Speaking to Canson customers in the digital seminar

Customers came from around the globe, and I really enjoyed meeting them and learning about their culture and way of life.  Represented countries included Norway, Brazil, South Africa, Indonesia, Japan, Australia, Dubai, Pakistan, Chile, Czechoslovakia, Turkey, Korea, and others I may have forgotten. This was truly an eye opener for me as someone who has never traveled abroad.

Conference Center and Golf Course

2 days later...

I was asked to make a portrait of each guest which was then printed and matted (on Canson paper of course), and given as a gift of appreciation. While I do not market myself as a portrait photographer, it is one of my personal passions, so this was a great chance to practice and have fun with the guests. I used a combination of my Canon 60D with a Sigma 30mm f/1.8 lens, and a Panasonic GH2 with the 20mm f/ 1.7 lens. Both lenses are fast and perfect for natural light portraits, so it was just a matter of finding great window light and experimenting. BTW- with the crop sensors in each camera, that works out to 47mm and 40mm respectively, a decent focal length for portrait work.

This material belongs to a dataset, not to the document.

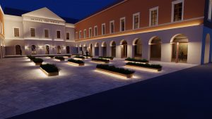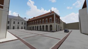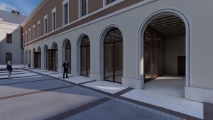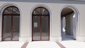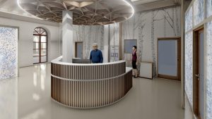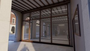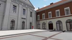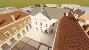 L’accès principal à la mairie sera repositionné au centre du bâtiment principal, depuis la place de l’hôtel de ville et desservira un grand hall d’accueil traversant.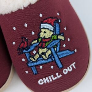 Soft textile upper with embroidered small bear in a chair, snow flakes, cardinal and the words CHILL OUT to complete this adorable winter theme scene. Faux sherpa trim. Cushioned textile footbed. TPR and textile outsole. Slip on style.

I also visited Lyon, the largest city in the area, which is rich in history, culture, and architecture. While my time there was limited, I did visit some of the key areas of the city including the largest cathedrals and old neighborhoods which date back hundreds of years.

Rhone River

City Square

St Johns Cathedral

Classic Lyon courtyard

Lyon cityscape

I’ll have more info and photos on the rest of my trip in part II – stay tuned!


My First Visit to Europe at Canson Headquarters

Canson booth – PhotoPlus Expo 2011

Tomorrow I am heading to southern France as an invited guest of Canson Infinity for their “Customer Appreciation Days” yearly event. Basically they invite their best customers from around the globe to join them in a week long educational conference where they learn about all of their newest products (mostly fine art papers and canvas’) and how best to use them. As an official evangelist, my role is to talk about why I use Canson papers for my own work, my fine art printing workflow, and my landscape photography in general. I’ll also be taking many photos of the event, and Canson will be using these for promotion and web use.

While I’m taking my full gear bag with me, I’ll be using my Pansonic GH2 with a Lumix 20mm f/1.7 panacake lens for the event photos. I haven’t used this camera much for still photos (using it mostly for video), so this will give me a chance to put the camera to work, and also dive into the new Lightroom 4 beta.

I’m deeply honored for this opportunity, and also really excited about traveling to France for the first time. I’m not sure how much free time I’ll have to shoot some landscapes, but I’ll keep you updated here with photos and updates. I’ll be there for 10 days so hopefully I’ll find time to sneak away into nature!